*Data under study:*

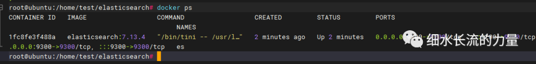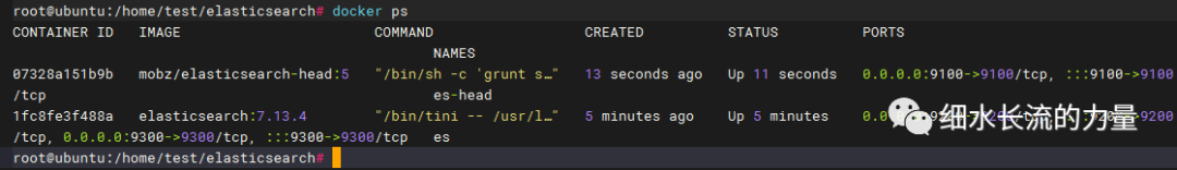 其中es为容器名,-p指定web应用的访问端口,最后一行表示创建容器所使用的镜像版本。
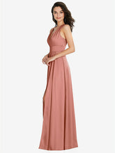 【NEW】【STYLE: 6863】Shirred 肩 Criss Cross Back Maxi ドレス 前面 スリット【COLOR: Desert Rose】【SIZE: 00-30W】
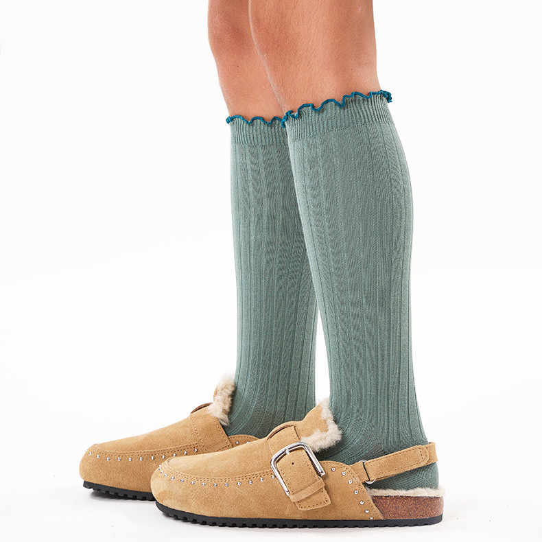 Calcetines altos canalé con curling contrastado en el puño. Tallas de 2 a 6 años.
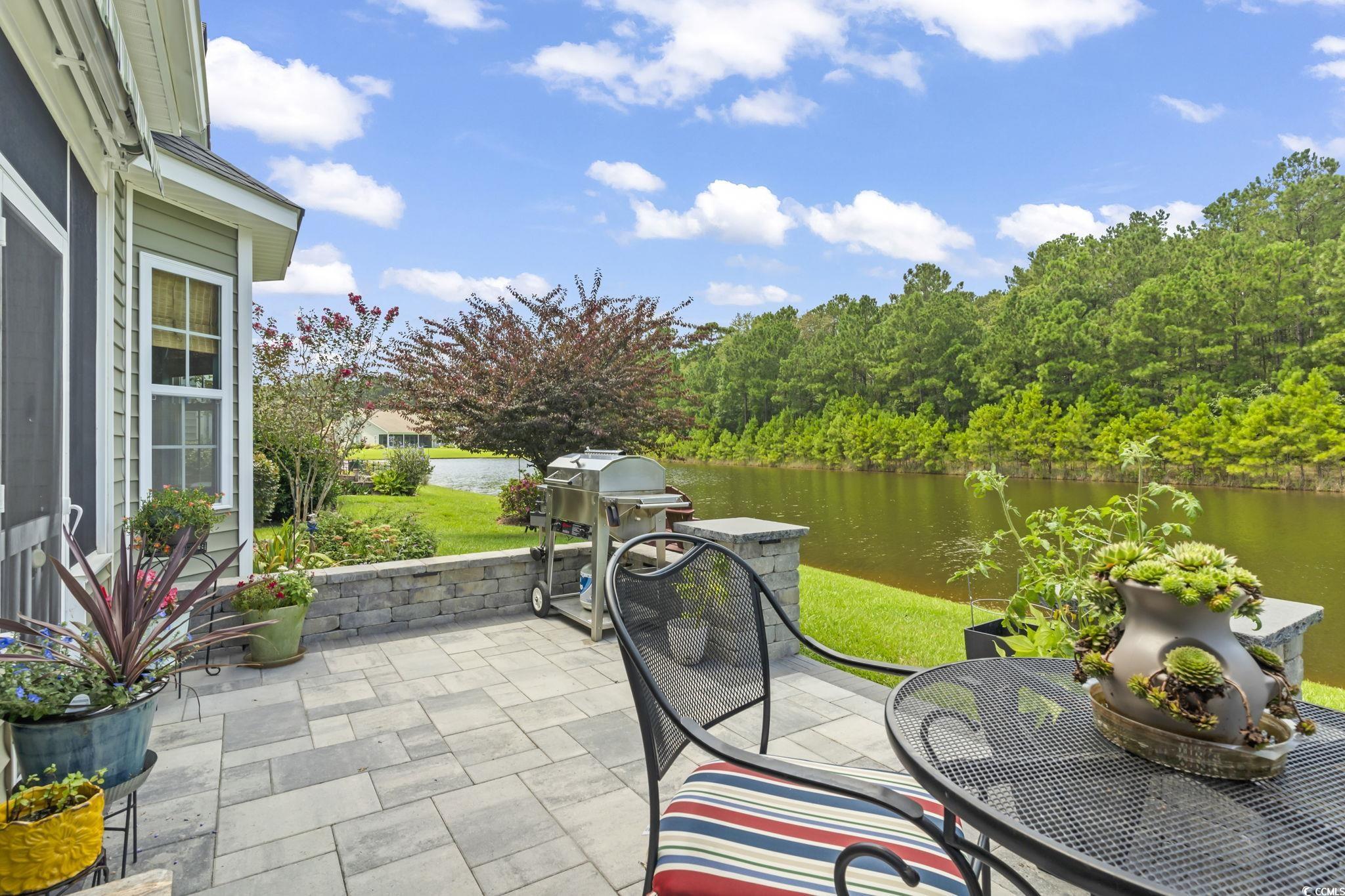 Gorgeous 3-Bedroom, 2-Bath lakefront Home in Palm Lakes Plantation is Priced to Sell and Sellers will pay the buyer’s first year of HOA fees at closing with an accepted and successfully closed offer.This stunning home offers the perfect blend of comfort, upgrades, and location. Featuring three spacious bedrooms, the owner’s suite boasts a tray ceiling, walkin closet with custom organizers, and a luxurious bath with a double-sink vanity, walk-in shower, and linen closet. The two additional bedrooms are generously sized with large closets and share a second full bath. The open concept layout is ideal for entertaining. The large family room with vaulted ceilings and a 72-inch paddle ceiling fan flows seamlessly into a private study with French doors and a formal dining room with a tray ceiling. The gourmet kitchen overlooks the living room, pond, and sunroom, and is a chef’s dream with granite countertops, custom stone backsplash a spacious island, pantry, abundant cabinet space, and high-end stainless-steel appliances. Just off the kitchen, the incredible sunroom with porcelain wood like floors is the perfect spot for morning coffee or unwinding with a good book. From the moment you walk in, you will notice the many thoughtful upgrades. The home features luxury wood-look floors throughout the main living areas, an oversized garage with suspended shelving, a workbench, cabinets, metal shelves and an EV plug, along with smart home technology that allows you to control the HVAC, irrigation system with rain sensor, and garage door from anywhere. Additional highlights include a tankless water heater, upgraded electrical panel with surge protectors, a whole-house Generac generator, an alarm system, a biometric door lock, and custom closet organizers in the pantry, laundry room, and owner’s suite bath and carbon monoxide and smoke detectors, storm doors and screen door in laundry leading to garage. Step outside and you will love the slate patio with knee walls and lighting and an electric awning with remote control, all overlooking the peaceful pond and abundant wildlife. The home’s exterior also showcases river rock landscaping with concrete curbing, providing both beauty and low maintenance. Located in the desirable Palm Lakes Plantation, residents enjoy access to a community pool, clubhouse, and playground, all while being just minutes from major highways, shopping, dining, and everything the Grand Strand has to offer. Whether you are relaxing on the patio, hosting a barbecue, or simply enjoying the views, this home truly has it all and should be at the top of your list.
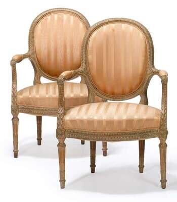The entrelac carved and padded oval backs continuing to part padded and scroll carved arms, over a padded seat raised on paterae headed tapering fluted legs with foliate carved feet. (2).
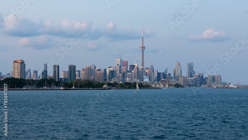 Obraz premium Aerial view of cityscape Toronto surrounded by buildings and water
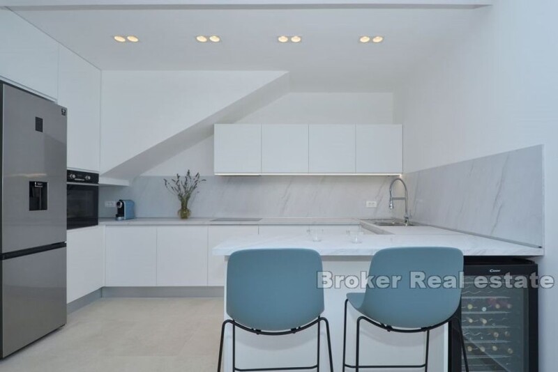 Luxury villa with pool surrounded by untouched nature located in a quiet village 4km away from Split. The villa with a living area of 310 m2 is located on a plot of 3739 m2 which is completely fenced and guarantees complete privacy and peace. On the ground floor there is an open kitchen concept with dining area and living room with access to the terrace which houses a heated pool of 38m2 with sun deck, outdoor shower, outdoor dining area and fireplace which allows for perfect moments in the summer months. On the ground floor there is also a room with a jacuzzi, sauna and shower. An internal staircase leads to the first floor which consists of a separate bathroom with shower, toilet, laundry room and four bedrooms with attached bathrooms, two of which have access to the terrace which offers a magnificent view of nature. The property was built in 2021, is air conditioned and has underfloor heating. Spacious cultivated garden with automatic overwatering is enriched with children's and sports facilities such as slides, trampoline, space for playing football, basketball … It has six parking spaces. The nearest beach is 3km away, the necessary facilities for living at 500m, while Split airport is 30km away. Attractive offer for lovers of untouched nature, peace and quiet that provides an ideal vacation from the hustle and bustle of the city.
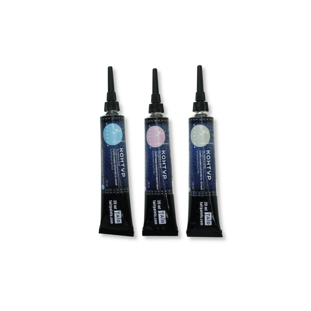 Контуры с блестками — это яркие золотые, серебряные или радужные блестки, замешанные в основу из прозрачного или тонированного акрилового геля и расфасованные в тубу с острым наконечником. Предназначены для создания контурных и точечных рисунков на ткани и коже. Также могут применяться и на других поверхностях, таких как дерево, бумага, пластик и т.д. Обладают высокой рельефностью и хорошо держат форму. Контуры проникают в структуру волокон, благодаря чему обладают высокой адгезией, после высыхания не смываются водой. Акриловые контуры «ТАИР» обладают густой консистенцией и отлично зарекомендовали себя в технике популярной точечной росписи и имитации вышивки. Кроме того, они используются для подрисовок тонких линий, узоров и рисования надписей в миксмедийных и скрапбукинговых техниках. В декупаже контуры часто применяются для того, чтобы скрыть границу приклеенного рисунка или для подрисовки отдельных элементов. Состав: акриловая дисперсия, пигменты, наполнитель, загуститель, консерванты, вода.
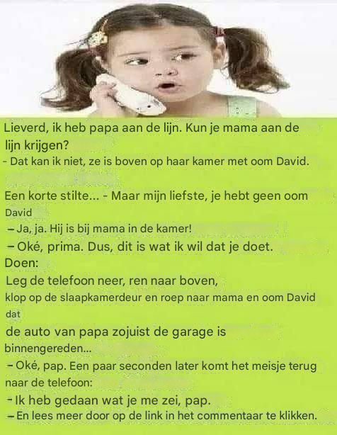 Een man wilde dolgraag met zijn vrouw praten om haar iets te vragen. Hij was niet thuis. Dus pakte hij zijn telefoon en draaide een nummer om haar te bereiken. Na een paar seconden nam iemand op. Het was een klein meisje. De vader vroeg haar toen: "Hallo lieverd, ik ben papa aan de lijn..." "Kun je mama aan de lijn krijgen?" Op dat moment deed het kleine meisje een onverwachte onthulling. Ze zei: "Dat kan ik niet, ze is boven in haar kamer bij oom David."

*Task prompt:* Extract, word for word, every line from the one holding "Контуры с блестками" through the closing line of the data above. Do not include any pictures.

*Final answer:*
 Контуры с блестками — это яркие золотые, серебряные или радужные блестки, замешанные в основу из прозрачного или тонированного акрилового геля и расфасованные в тубу с острым наконечником. Предназначены для создания контурных и точечных рисунков на ткани и коже. Также могут применяться и на других поверхностях, таких как дерево, бумага, пластик и т.д. Обладают высокой рельефностью и хорошо держат форму. Контуры проникают в структуру волокон, благодаря чему обладают высокой адгезией, после высыхания не смываются водой. Акриловые контуры «ТАИР» обладают густой консистенцией и отлично зарекомендовали себя в технике популярной точечной росписи и имитации вышивки. Кроме того, они используются для подрисовок тонких линий, узоров и рисования надписей в миксмедийных и скрапбукинговых техниках. В декупаже контуры часто применяются для того, чтобы скрыть границу приклеенного рисунка или для подрисовки отдельных элементов. Состав: акриловая дисперсия, пигменты, наполнитель, загуститель, консерванты, вода.
 Een man wilde dolgraag met zijn vrouw praten om haar iets te vragen. Hij was niet thuis. Dus pakte hij zijn telefoon en draaide een nummer om haar te bereiken. Na een paar seconden nam iemand op. Het was een klein meisje. De vader vroeg haar toen: "Hallo lieverd, ik ben papa aan de lijn..." "Kun je mama aan de lijn krijgen?" Op dat moment deed het kleine meisje een onverwachte onthulling. Ze zei: "Dat kan ik niet, ze is boven in haar kamer bij oom David."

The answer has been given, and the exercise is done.